PROVIDED DATA:
-----
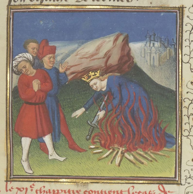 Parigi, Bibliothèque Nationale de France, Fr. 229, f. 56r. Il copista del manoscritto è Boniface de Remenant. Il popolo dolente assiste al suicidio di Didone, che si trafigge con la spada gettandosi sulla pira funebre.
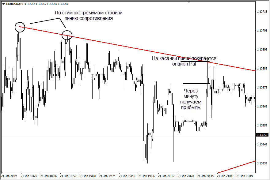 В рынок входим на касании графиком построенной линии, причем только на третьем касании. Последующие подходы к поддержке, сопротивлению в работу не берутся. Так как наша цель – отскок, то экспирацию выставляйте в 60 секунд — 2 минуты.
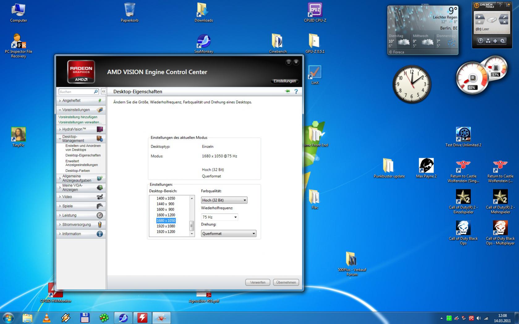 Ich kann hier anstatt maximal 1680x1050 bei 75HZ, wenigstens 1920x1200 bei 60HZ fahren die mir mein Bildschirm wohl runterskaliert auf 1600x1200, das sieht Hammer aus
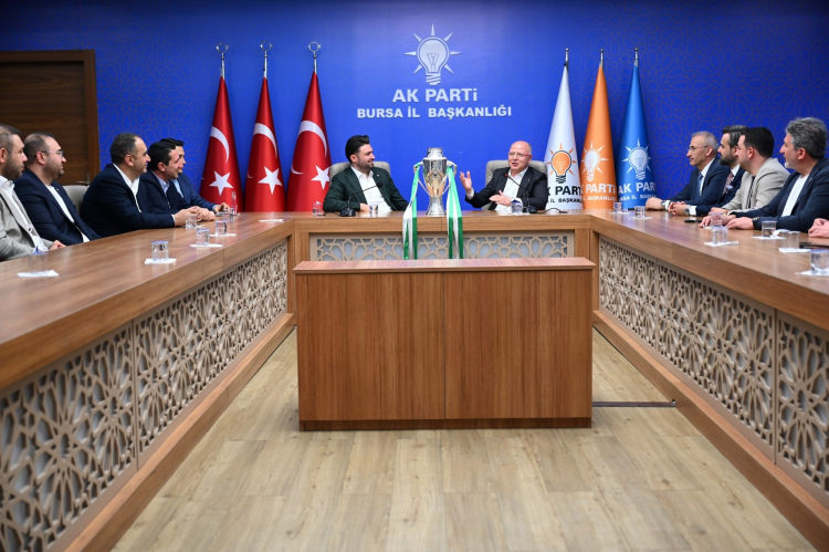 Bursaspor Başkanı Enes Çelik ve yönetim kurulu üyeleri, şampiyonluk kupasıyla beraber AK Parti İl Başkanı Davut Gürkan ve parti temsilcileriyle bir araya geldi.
-----
EXERCISE OBJECTIVE: Apart from the pictures, every line above must be repeated exactly.

SOLUTION TO THE PROBLEM:
 Parigi, Bibliothèque Nationale de France, Fr. 229, f. 56r. Il copista del manoscritto è Boniface de Remenant. Il popolo dolente assiste al suicidio di Didone, che si trafigge con la spada gettandosi sulla pira funebre.
 В рынок входим на касании графиком построенной линии, причем только на третьем касании. Последующие подходы к поддержке, сопротивлению в работу не берутся. Так как наша цель – отскок, то экспирацию выставляйте в 60 секунд — 2 минуты.
 Ich kann hier anstatt maximal 1680x1050 bei 75HZ, wenigstens 1920x1200 bei 60HZ fahren die mir mein Bildschirm wohl runterskaliert auf 1600x1200, das sieht Hammer aus
 Bursaspor Başkanı Enes Çelik ve yönetim kurulu üyeleri, şampiyonluk kupasıyla beraber AK Parti İl Başkanı Davut Gürkan ve parti temsilcileriyle bir araya geldi.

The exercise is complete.